TESSERA is a self-supervised foundation model jointly pretrained on somatic single-nucleotide variants (SNVs) and copy-number alterations (CNAs) from the TCGA Pan-Cancer Atlas. A single learned representation, produced once and reused without retraining, supports variant pathogenicity prediction, pan-cancer tumour-type classification, unsupervised molecular subtyping, prognostic stratification, and counterfactual treatment-effect estimation.

This repository contains the reference implementation, the pretrained-weights pointer, and the end-to-end analysis pipelines that accompany the TESSERA manuscript.

Quick start

pip install tessera-foundation

Typical install time on a modern desktop: ~2–5 minutes for the package itself. The pretrained weights (~185 MB, cached under ~/.cache/huggingface) and the GRCh37 reference genome (~3 GB, cached under ~/.cache/tessera/ref_genomes) are downloaded lazily on first call and reused thereafter.

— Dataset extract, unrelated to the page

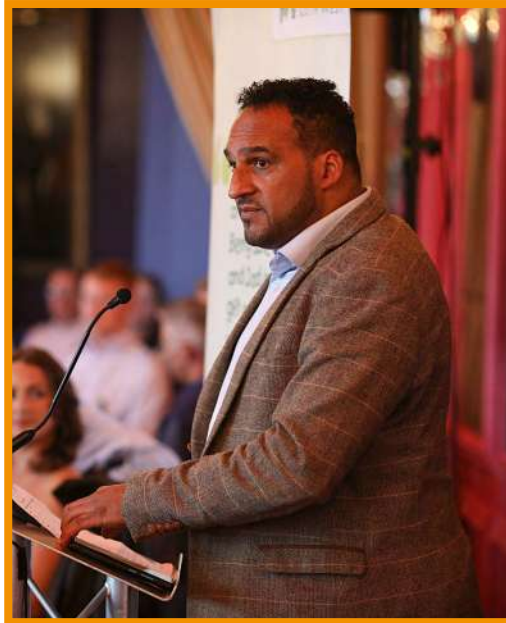
Guest speaker Michael Caines MBE

import tessera, pandas as pd

# Bundled demo CSVs (~441 SNVs + ~344 CNAs of real anonymised TCGA-format rows).
# Replace these URLs with paths to your own data in the same schema:
#   SNV cols: Tumor_Sample_Barcode, Chromosome, Start_Position,
#             Reference_Allele, Tumor_Seq_Allele2, vaf
#   CNA cols: Tumor_Sample_Barcode, Chromosome, Start, End, Segment_Mean
DEMO = "https://raw.githubusercontent.com/JW-Sidhom-Lab/tessera/main/inference_api"
snv_df = pd.read_csv(f"{DEMO}/example_snv.csv")
cna_df = pd.read_csv(f"{DEMO}/example_cna.csv")

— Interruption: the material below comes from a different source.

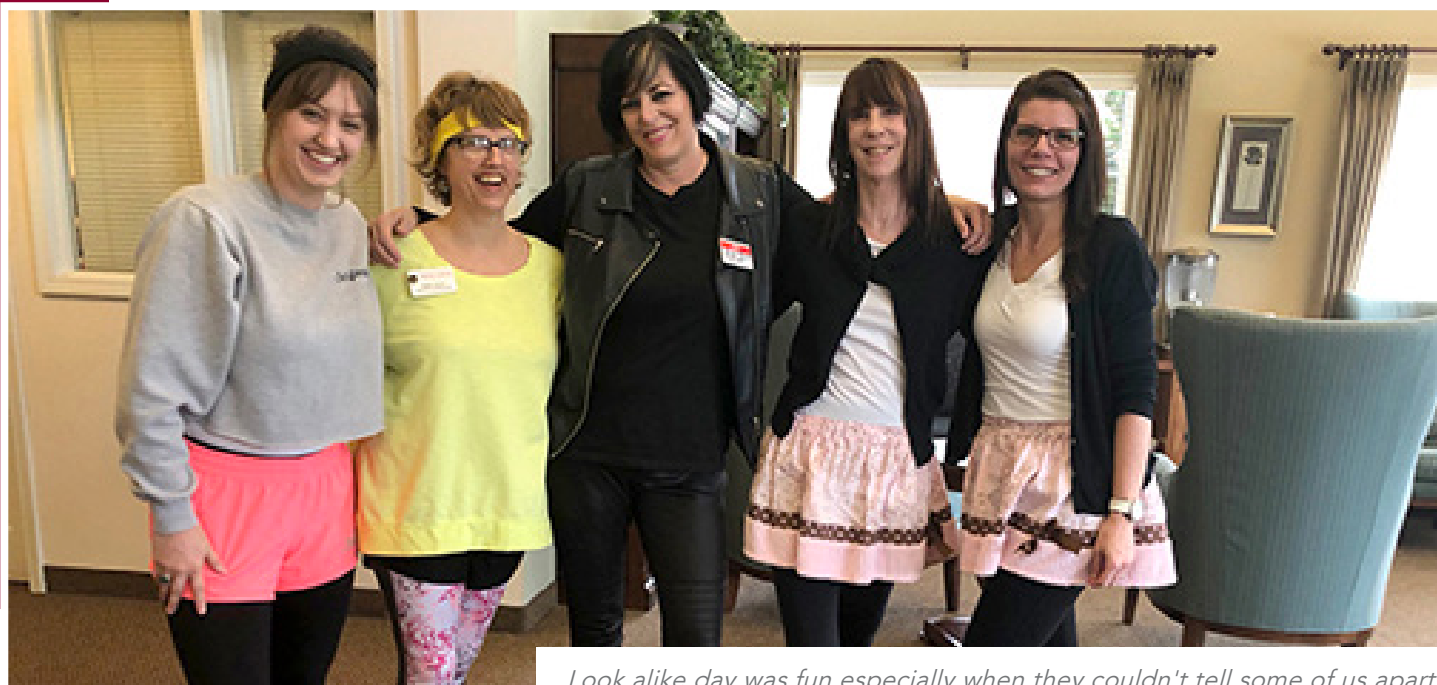
Look alike day was fun especially when they couldn't tell some of us apart!

result = tessera.featurize(
    snv_df=snv_df, cna_df=cna_df,
    variant="joint_snv_cna_noloh",        # or "joint_snv_cna" (with-LoH)
    from_assembly="GRCh37",               # "GRCh38" triggers UCSC liftover
    quantile_normalize_to_tcga=False,     # set True for panel/cell-line data
    batch_size=24,                        # lower to bound peak memory (see below)
)

result.snv_features      # (n_variants, 1169)  per-variant embeddings
result.cna_features      # (n_segments, 688)   per-segment embeddings
result.snv_table         # the post-liftover SNV rows that produced snv_features
result.cna_table         # the post-liftover CNA rows that produced cna_features

Row order in snv_features matches snv_table, and likewise for CNA. Variants that fail tokenization (non-SBS, missing reference base, off-genome coordinates after liftover) and segments rejected by basic validation are dropped before inference, so snv_table / cna_table are the authoritative pairing back to the input rows actually embedded.

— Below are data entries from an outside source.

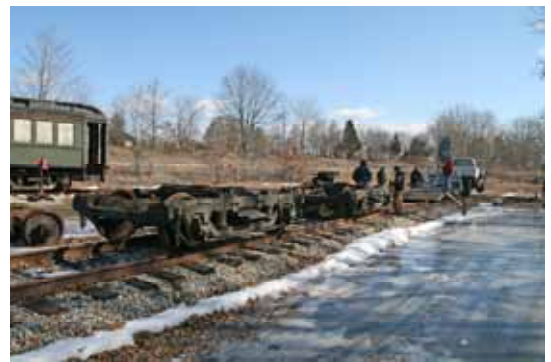
This photo shows both sets of trucks at the museum. Now we wait for the car body to be delivered.
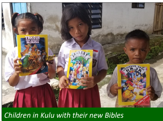
Children in Kulu with their new Bibles

While anchored in Bitung Harbor, high winds caused them to reset the anchor several times, an exhausting and nerve-wracking experience. Finally, on a calm day, they were able to sail to the nearby village of Kulu, where they
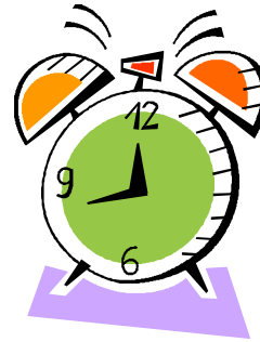
Rise and shine with the Lord at the new 8:15 am early Sunday worship service starting May 27.

The second fellowship and the Spanish Worship probably will not start right away but eventually it will be a regular part of our Sunday as our Hispanic brothers and sisters in Christ join us as one loving body through the

First call downloads the requested model variant from Hugging Face Hub (~185 MB, cached under ~/.cache/huggingface) and, on first featurisation, the GRCh37 reference genome (~3 GB, cached under ~/.cache/tessera/ref_genomes). Both are reused on later calls. To pre-provision the genome (or point at an existing copy on an offline/shared machine), set TESSERA_REF_GENOME_DIR to a directory containing the FASTA, or run tessera/ref_genomes/download_ref_genomes.sh. On a 2024 MacBook Pro (Apple M3), first-call featurisation of the demo CSVs above (genome already cached) completes in ~30–60 seconds; subsequent calls within the same session run in under 5 seconds.

CSV column conventions:

  • SNV: Tumor_Sample_Barcode, Chromosome (no chr prefix), Start_Position, Reference_Allele, Tumor_Seq_Allele2, plus either vaf or both t_alt_count + t_ref_count. Single-base substitutions only.
  • CNA: Tumor_Sample_Barcode, Chromosome, Start, End, Segment_Mean (log2 ratio); optional LOH column triggers the with-LoH variant.

When to set quantile_normalize_to_tcga=True

TESSERA was pretrained on TCGA whole-exome ABSOLUTE Segment_Means (median 0.000, IQR [0, +0.51]). Inputs whose log2-ratio distribution differs should be rank-mapped onto the TCGA reference before inference.

Input type Setting Why
TCGA-like whole-exome ABSOLUTE False (default) Same distribution the model was pretrained on.
Panel sequencing (MSK-IMPACT, MSK-CHORD, GENIE) True Panel coverage compresses log2-ratios toward zero (KS = 0.38 vs TCGA).
Cell-line data (DepMap, CCLE) True Raw log2-ratios are right-shifted; DepMap median ≈ +1.0 vs TCGA's 0.0 (KS = 0.72).

The bundled reference (tessera/data/cna_sorted.npy, 7 MB, 1.8 M segments) is loaded automatically when True. The helper tessera.data.preprocessing.quantile_normalize_to_tcga is also exposed if you'd rather pre-normalize.

Capping very large samples (subsample_snv / subsample_cna)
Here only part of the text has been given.